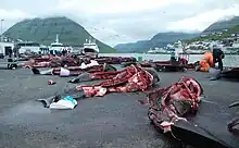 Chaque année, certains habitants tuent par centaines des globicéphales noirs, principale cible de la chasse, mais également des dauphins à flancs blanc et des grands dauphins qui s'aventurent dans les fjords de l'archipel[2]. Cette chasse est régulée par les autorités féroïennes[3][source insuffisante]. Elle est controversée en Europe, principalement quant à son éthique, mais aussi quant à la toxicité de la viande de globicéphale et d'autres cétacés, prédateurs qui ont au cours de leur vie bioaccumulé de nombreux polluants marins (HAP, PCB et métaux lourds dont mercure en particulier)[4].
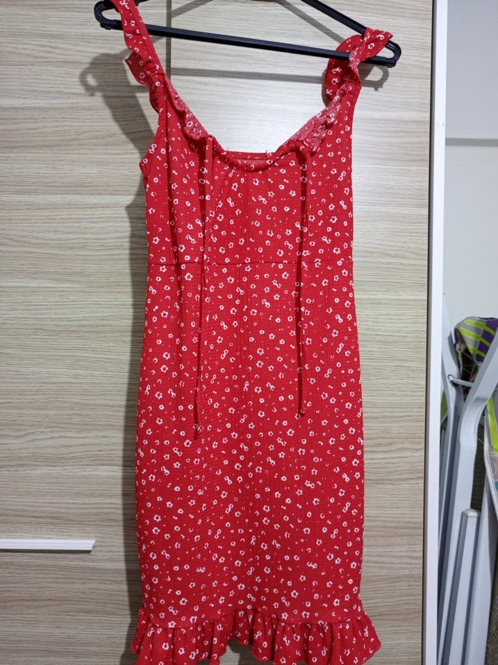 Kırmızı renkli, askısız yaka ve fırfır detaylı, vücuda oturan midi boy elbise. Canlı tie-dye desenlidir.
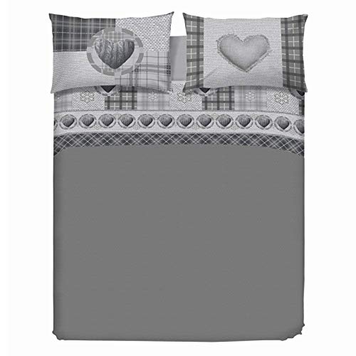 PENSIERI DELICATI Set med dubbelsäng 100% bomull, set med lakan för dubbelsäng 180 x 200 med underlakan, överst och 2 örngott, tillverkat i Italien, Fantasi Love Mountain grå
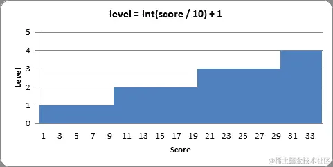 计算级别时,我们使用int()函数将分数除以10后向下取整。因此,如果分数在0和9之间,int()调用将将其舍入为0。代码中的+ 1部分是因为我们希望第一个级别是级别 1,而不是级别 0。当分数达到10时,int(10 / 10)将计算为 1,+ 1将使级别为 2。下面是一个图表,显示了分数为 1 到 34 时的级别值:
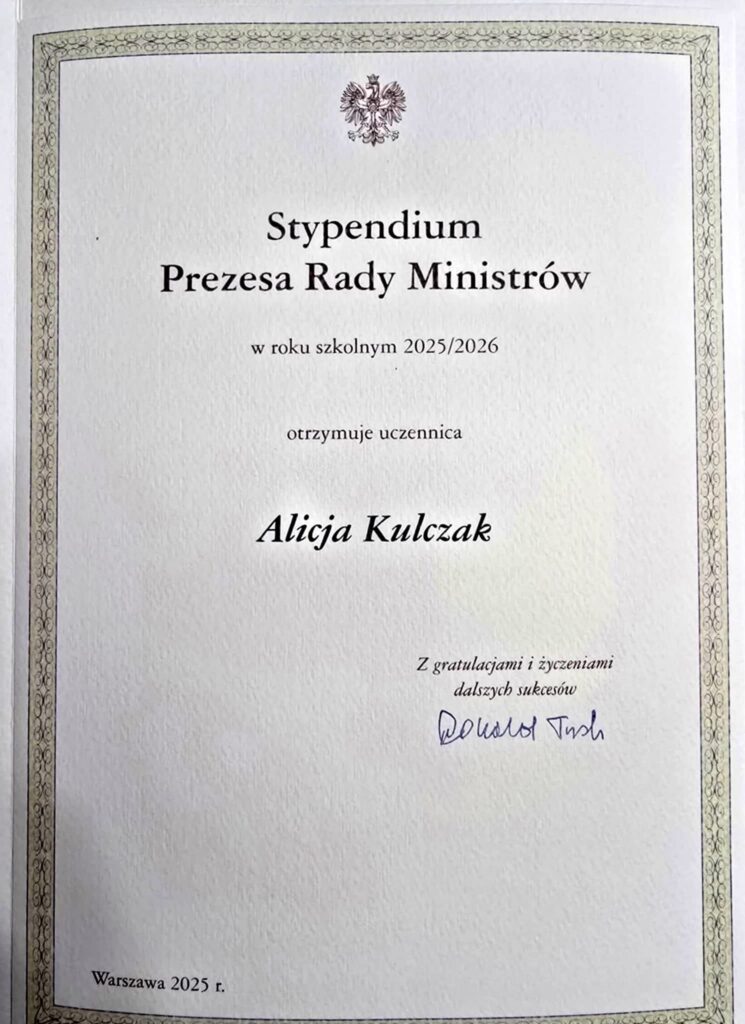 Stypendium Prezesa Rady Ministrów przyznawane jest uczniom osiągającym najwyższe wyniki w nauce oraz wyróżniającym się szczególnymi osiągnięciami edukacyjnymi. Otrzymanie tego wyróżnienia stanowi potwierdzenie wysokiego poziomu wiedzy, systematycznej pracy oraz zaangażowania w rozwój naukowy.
◇ ◇ ◇ ◇
Only the lines from the one with "1部分是因为我们希望第一个级别是级别 1,而不是级别 0。当分数达到10时,int(10" to the end of the listing, both ends included, should be retyped exactly; no pictures belong in the copy.

The answer:
 计算级别时,我们使用int()函数将分数除以10后向下取整。因此,如果分数在0和9之间,int()调用将将其舍入为0。代码中的+ 1部分是因为我们希望第一个级别是级别 1,而不是级别 0。当分数达到10时,int(10 / 10)将计算为 1,+ 1将使级别为 2。下面是一个图表,显示了分数为 1 到 34 时的级别值:
 Stypendium Prezesa Rady Ministrów przyznawane jest uczniom osiągającym najwyższe wyniki w nauce oraz wyróżniającym się szczególnymi osiągnięciami edukacyjnymi. Otrzymanie tego wyróżnienia stanowi potwierdzenie wysokiego poziomu wiedzy, systematycznej pracy oraz zaangażowania w rozwój naukowy.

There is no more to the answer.